Sobre los pocos cambios realizados en este año en la isla, el director ejecutivo del Cuba Study Group, Ricardo Herrero, opinó: «Las declaraciones y medidas recientes sugieren que algunos altos funcionarios están presionando mucho para construir una economía de mercado, pero el sistema sigue metiéndose en el medio.

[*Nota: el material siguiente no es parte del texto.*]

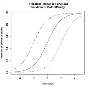 The Double Monotonicity model adds a fourth assumption, namely non-intersecting Item response functions, resulting in items that remain invariant rank-ordering.[11] There has been some confusion in Mokken scaling between the concepts of Double Monotonicity model and invariant item ordering.[12] The latter implies that all respondents to a series of questions all respond to them in the same order across the whole range of the latent trait. For dichotomously scored items, the Double Monotonicity model can mean invariant item ordering; however, for polytomously scored items this does not necessarily hold.[13] For invariant item ordering to hold not only should the item response functions not intersect, also, the item step response function between one level and the next within each item must not intersect.[14]
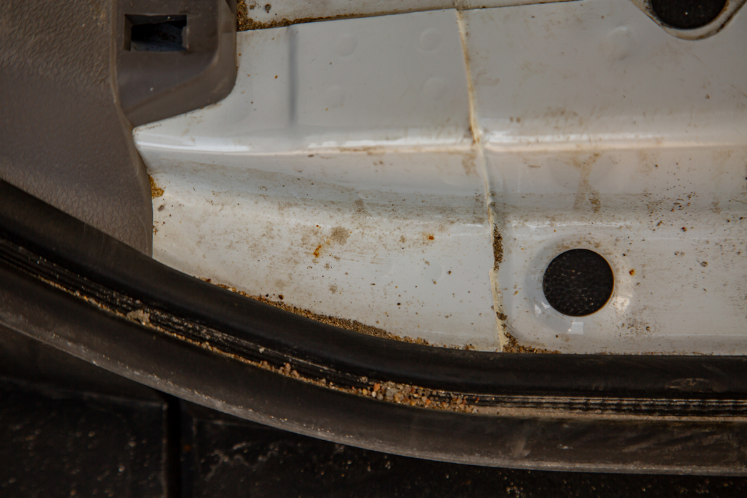 Четыре тысячи километров — это неделя нормальной работы в логистике? Две? В такси столько проезжают за седьмицу или около того. Но ржавые подтеки на петлях, в арках, на пороге багажного отделения и сотне других мест уже в наличии. Вряд ли этот автомобиль познал зиму в полном объеме, однако и тех недель, что точно мерз, оказалось достаточно: Sollers Atlant отчаянно «зацвел» по весне.

La resistencia burocrática e ideológica al espectro del capitalismo aún prevalece, más evidente en las restricciones recientes contra la inversión extranjera en PYMES [pequeñas y medianas empresas] privadas recientemente legalizadas y la cantidad de empleados que pueden contratar».

Sin embargo, representantes de la administración castrista han insistido recientemente en que no existen barreras en las leyes cubanas que imposibiliten la inversión en la isla por parte de cubanos radicados en el exterior.